Aux règles que je me suis fixées. J’aime établir des règles qui deviennent des contraintes et vice versa . Dans ma méthode de travail, décider des contraintes, c’est s’ouvrir à une forme de liberté. On a ainsi voulu garder l’intégralité des murs de l’exposition précédente ; on n’a ni repeint la salle, ni rebouché les trous, ni masqué les altérations des murs ou changé les couleurs ; j’ai décidé également que l’on garde l’intégralité des écrans vidéo aux endroits exacts où ils étaient placés dans l’exposition précédente. Cela fait d’ailleurs l’objet de deux contrats-œuvres exposés ici. On gagnait du temps et de l’argent en gardant les murs tels quels. Économiquement, écologiquement, et avant tout conceptuellement, cela a du sens ; car garder les murs, c’est travailler dans le réel. Le musée, c’est le monde réel, avec ses contraintes physiques, historiques… Mon propre rapport à son histoire compte, puisque j’ai déjà exposé précédemment quatre fois dans cette salle des expositions temporaires du MAC VAL entre 2010 et 2019. Cela fait d’ailleurs l’objet de « remakes » de ces fragments d’expositions puisque j’ai réinstallé à l’endroit exact les œuvres précédemment exposées dans cette salle…
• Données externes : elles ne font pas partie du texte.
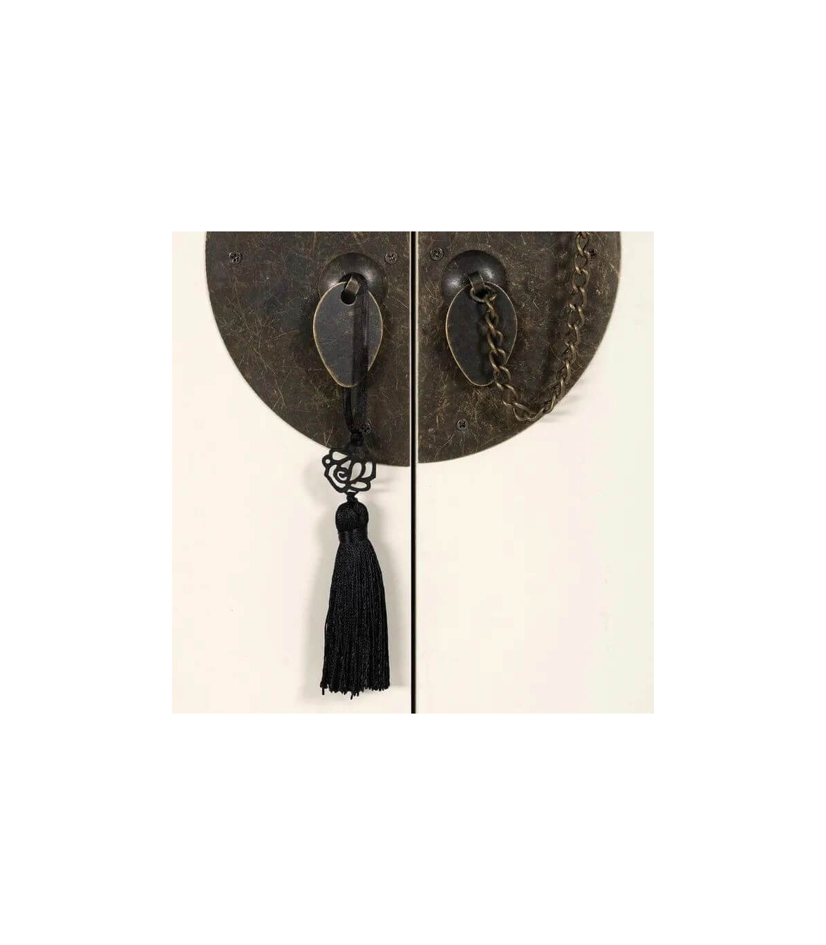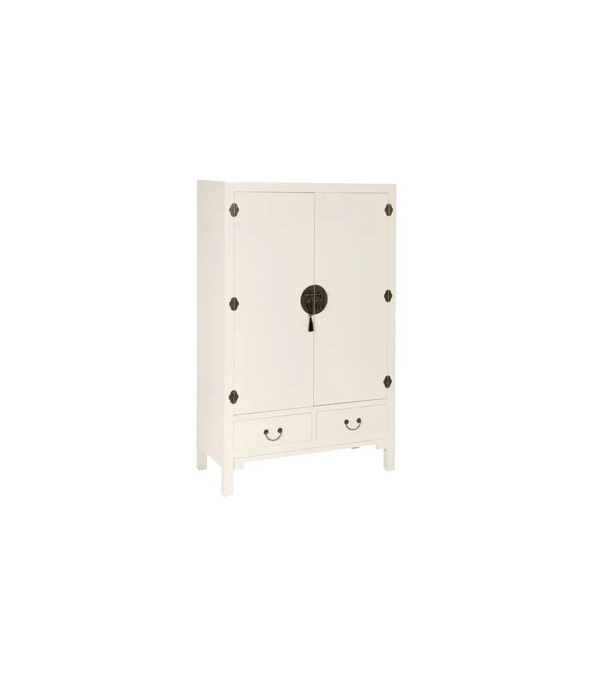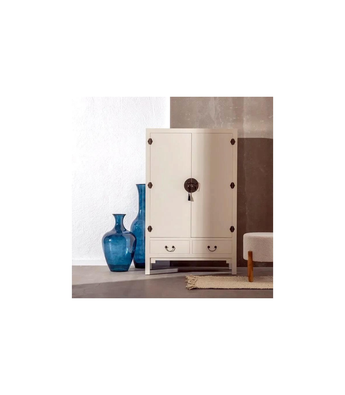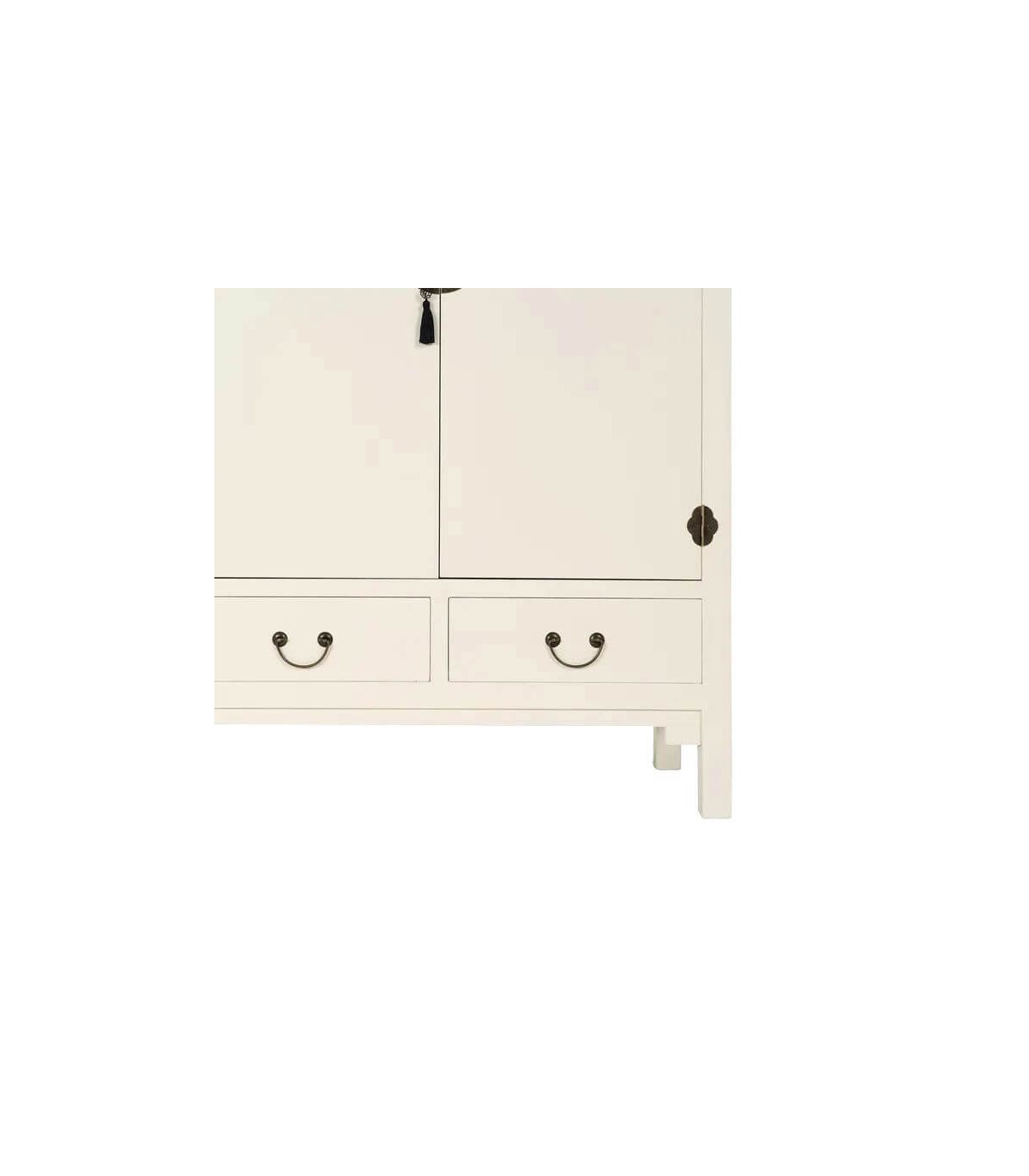 Armario alacena de estilo oriental, con 2 puertas y 2 cajones acabado blanco roto con el herraje característico en bronce y una filigrana negra como detalle la hará la pieza diferencial de capacidad dentro de tu decoración. Perfecta para ropa blanca.

Qu’est-ce qui te semble le plus frappant en réexaminant tes trente ans de créations ? La cohérence, la continuité d’un travail marqué par des obsessions, des gestes, ou au contraire la volonté de te déplacer sans cesse, de chercher d’autres formes ? Des répétitions ou des différences ?
Les deux. D’un côté, il y a chez moi une dimension empirique dans la façon de réaliser de nouveaux projets ; et en même temps, il y a une dimension conceptuelle constante. La continuité vient du fait que pour moi, être artiste, cela s’envisage personnellement depuis toujours sur le long terme ; tous mes projets, même les plus impulsifs, s’inscrivent dans une perspective longue. Chaque contexte est éminemment lié à l’époque. C’est flagrant quand je regarde certaines œuvres rétrospectivement ; je souhaitais souvent accentuer les choses pour les inscrire dans l’époque. Il y a chez moi la volonté d’enregistrer quelque chose du temps présent. On perçoit l’évolution de ces contextes dans l’exposition, même avec des projets que je réitère. Je travaille avec des médiums différents à chaque fois.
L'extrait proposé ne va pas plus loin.